After all, without free will, they will never make another choice as long as they live. They're not even sheep - they're less than that. Without the ability to choose, what are they? Do they still have rights?

Krylo 05-23-2004 06:01 PM

You're right, Anon. They're nothing. Doesn't matter if you kill them.

As for 'what are they', either workers or toys, depending on what you do with them.


Also: I'd probably go a good century or two with the continued subjugation, then get bored/lonely, and start dismantling the system from the inside (slowly returning freewill to the people, etc.) I'm really not a very humanitarian person... I'd only free them because without others having free will I'd be extremely lonely/bored.

BitVyper 05-23-2004 08:34 PM

Only someone with free will could can choose between the two. The blissfully ignorant have no such choice.

Of course, I wouldn't have just eaten the fruit; I'd have been proud of it. The funny thing is, I believe that would have gotten me off without punishment. Didn't God really punish Adam because he'd immediately chosen to do evil by lying about it? (And this is by no means designed to provoke a religion debate.)
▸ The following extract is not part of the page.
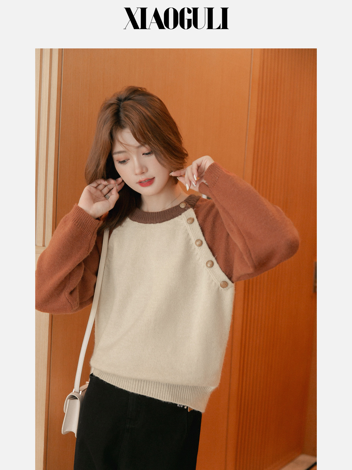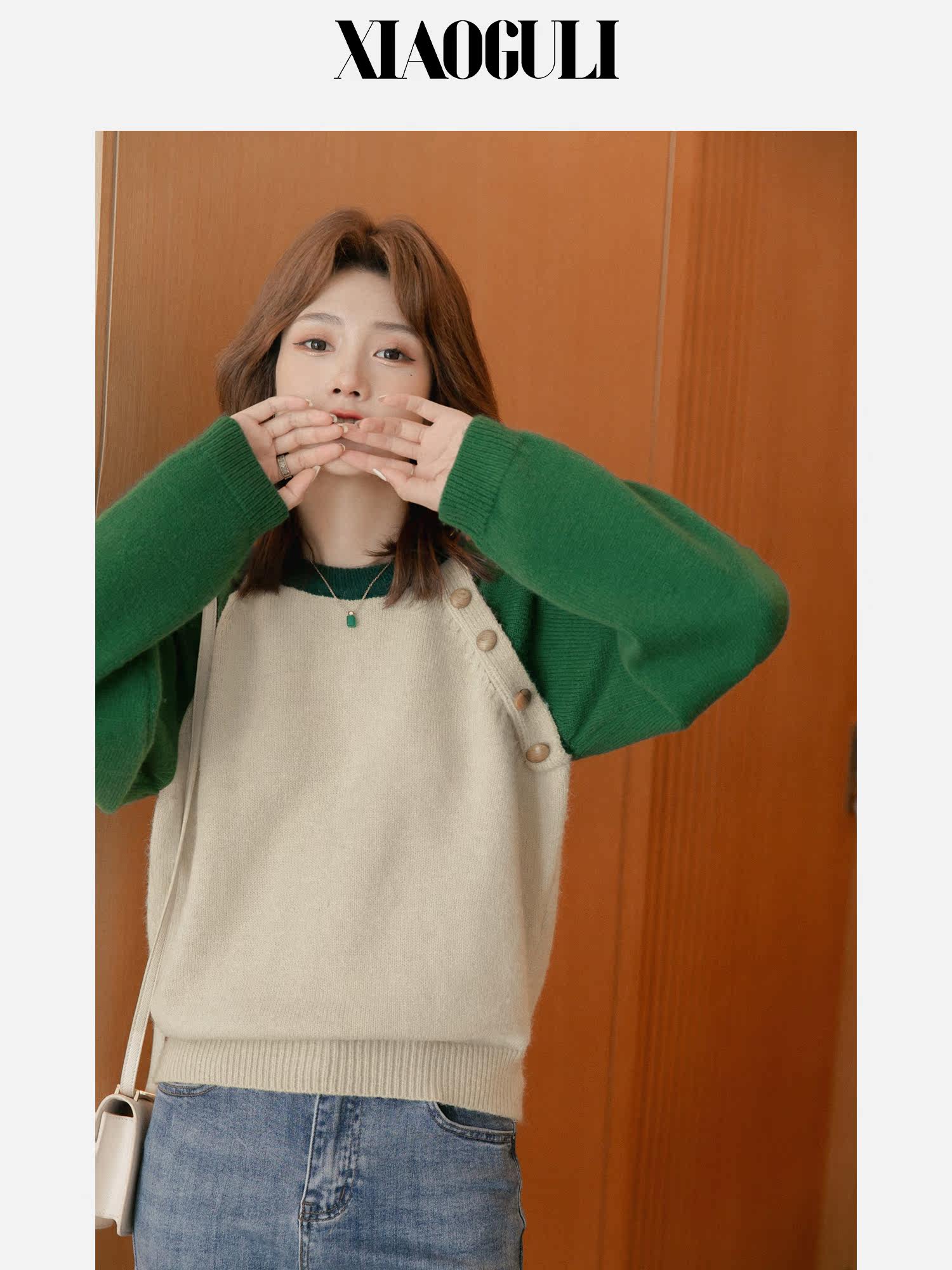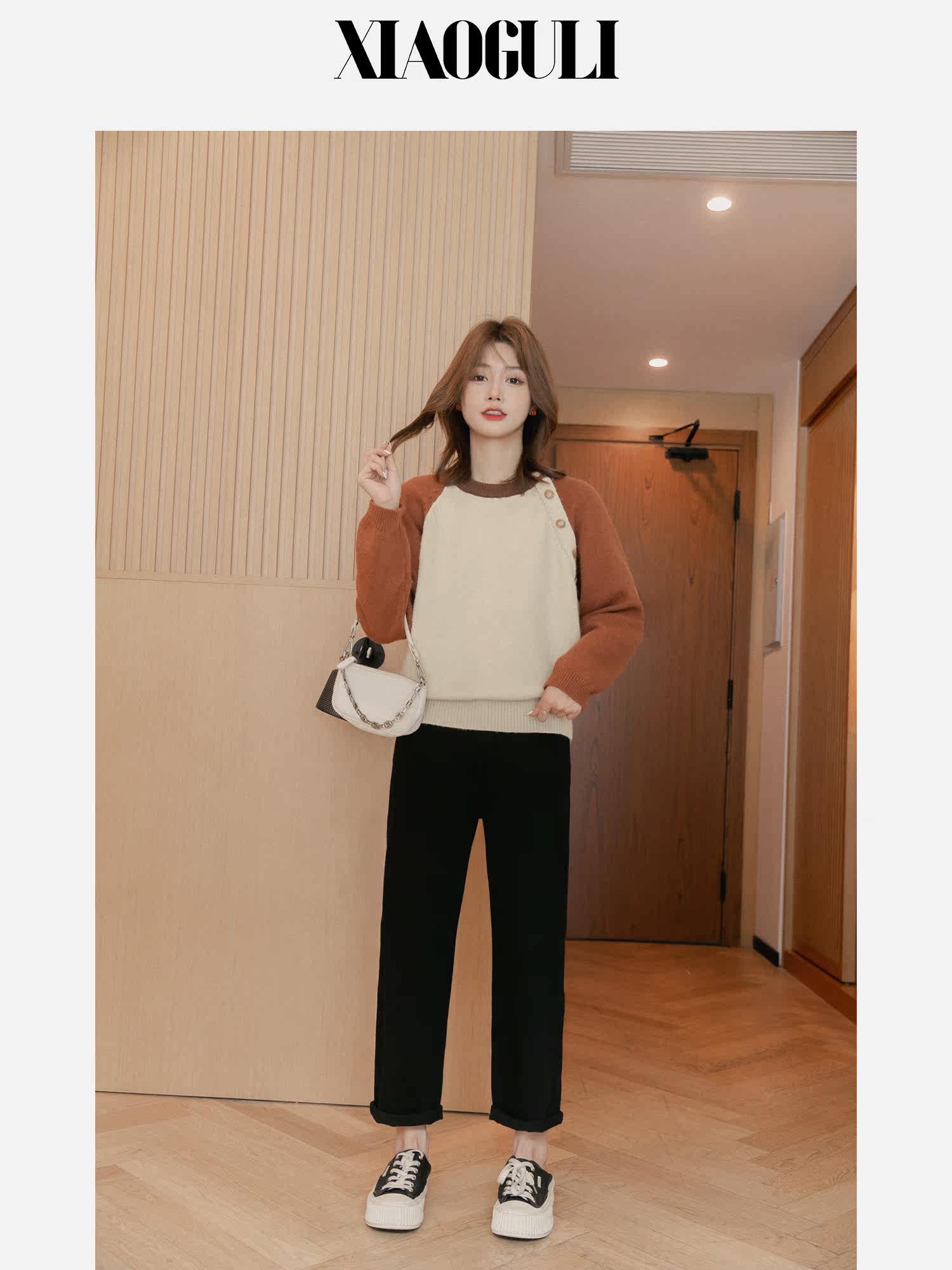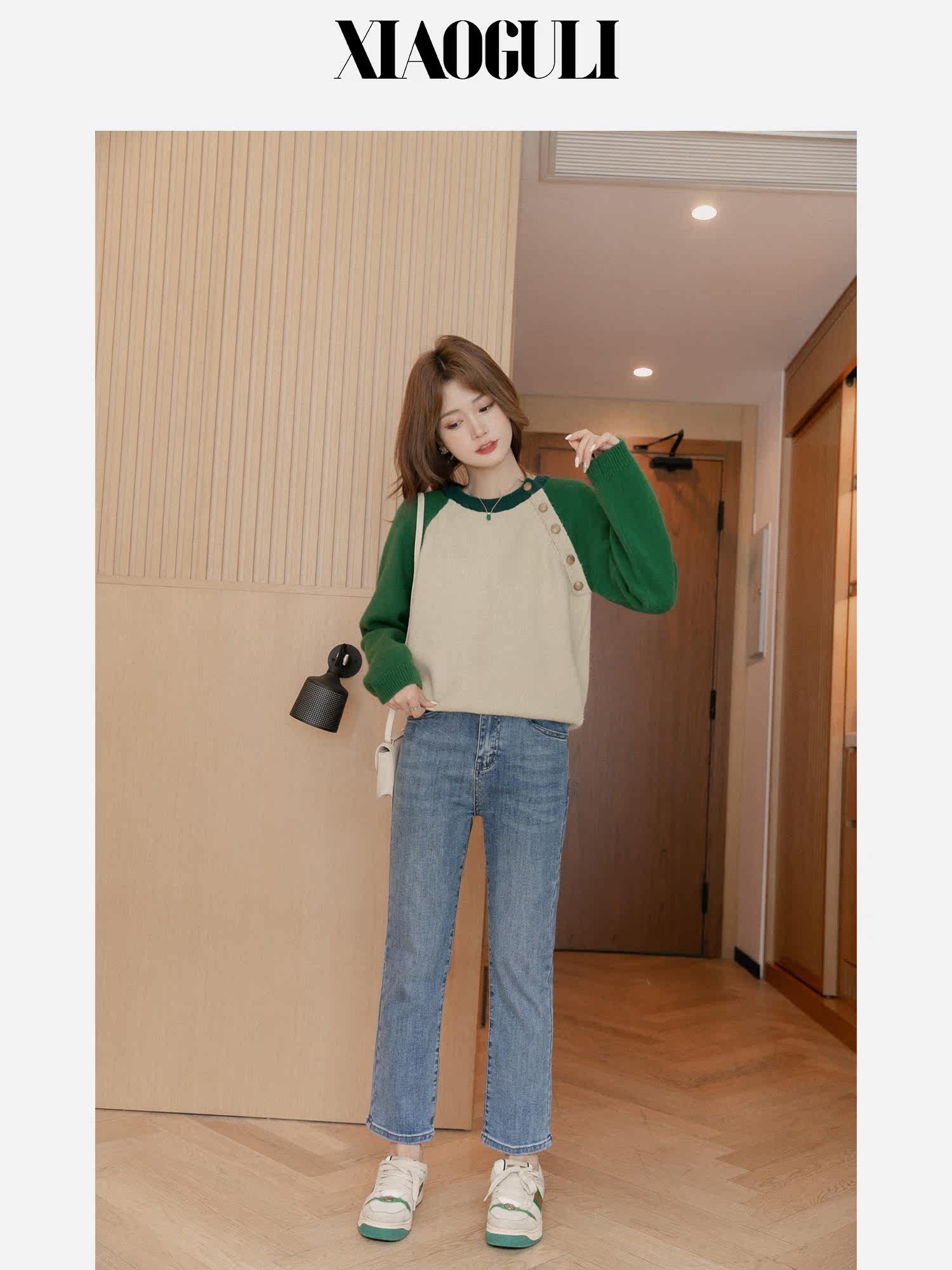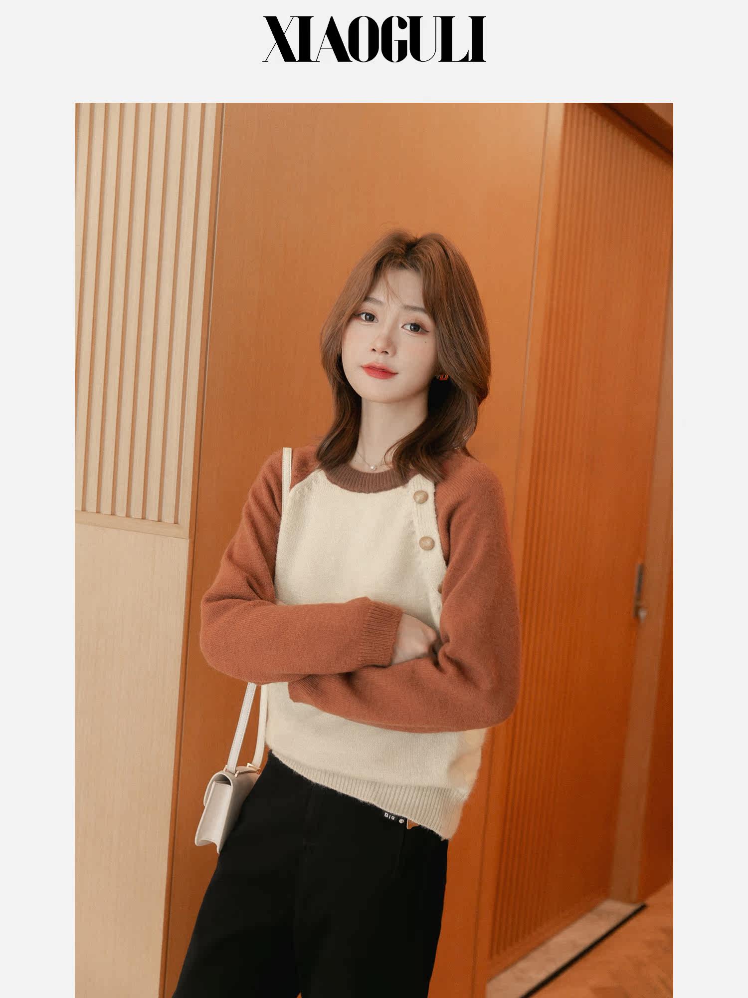 Дизайнерский осенний короткий модный свитер с круглым воротником, тренд сезона, коллекция 2022, оверсайз, свободный крой, по фигуре, подходит для подростков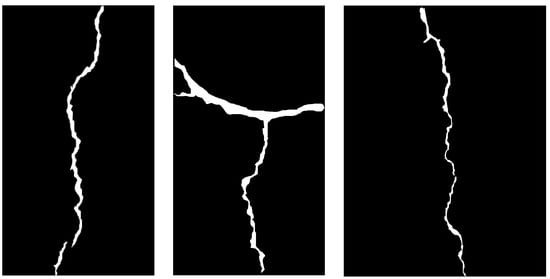 The Crack500 dataset—The Crack500 dataset was a pavement crack dataset, including 3368 images captured using a cell phone on the main roads of Temple University, USA, sized either 1440 × 2560 or 2560 × 1440 pixels. Additionally, this dataset was divided into training datasets and testing datasets by the author. It had 1896 images in the training dataset and 1124 images in the testing dataset.

I've always identified well with the Cain(although I'm not sure why Cain always gets put in that role,) or Lilith archetypes. I want to be as independant as possible. I want to live according to my own will, and nothing else.

Edit: Killing them is no different than dismantling a robot. We aren't alive without free will. Not in the figurative sense anyway.

Dragonsbane 05-24-2004 07:15 AM

The main source of my happiness is through challenge, excitement, and achievement....all of which are lacking from the "perfect" societies shown. A world in which I would be genetically altered to just enjoy whatever job I did would lack all of those things, thus inducing boredom.....

Without free will, how could we decide whether we are happy or not, anyway?

Call me crazy, but I'll choose free will over perfect sheeplike bliss any day....

Mattias 06-03-2004 11:03 AM

I dont know if anyone is still interested in this subject or not, or if anything i say will add something to the discussion or not.

Pertaining to the original basis of the question, bliss was only attainable in paradise. Adam and Eve eating the fruit was a violation of god's will and as a consquence, adam and eve were cast out of heaven, with the fallout being loss of bliss and gaining free will.

I love having free will. I love choosing what to do and when to do it. However to have bliss, in a scenerio where the happiness would never dull or lessen in anyway shape or form, would not be a bad choice. Although, I completely agree that satisfaction tastes better when sweet follows right after bitter.

I cannot begin to understand what true bliss would feel like. All ive ever know, of happiness is from the choices ive made and the choices of those around me. But all in all i think i would have to disagree with everyone whose posted so far, i would choose bliss over free will. Simply because i believe in a higher power ie christian/hebrew/muslam god, and any choice god could make is better then what man has made for themselves.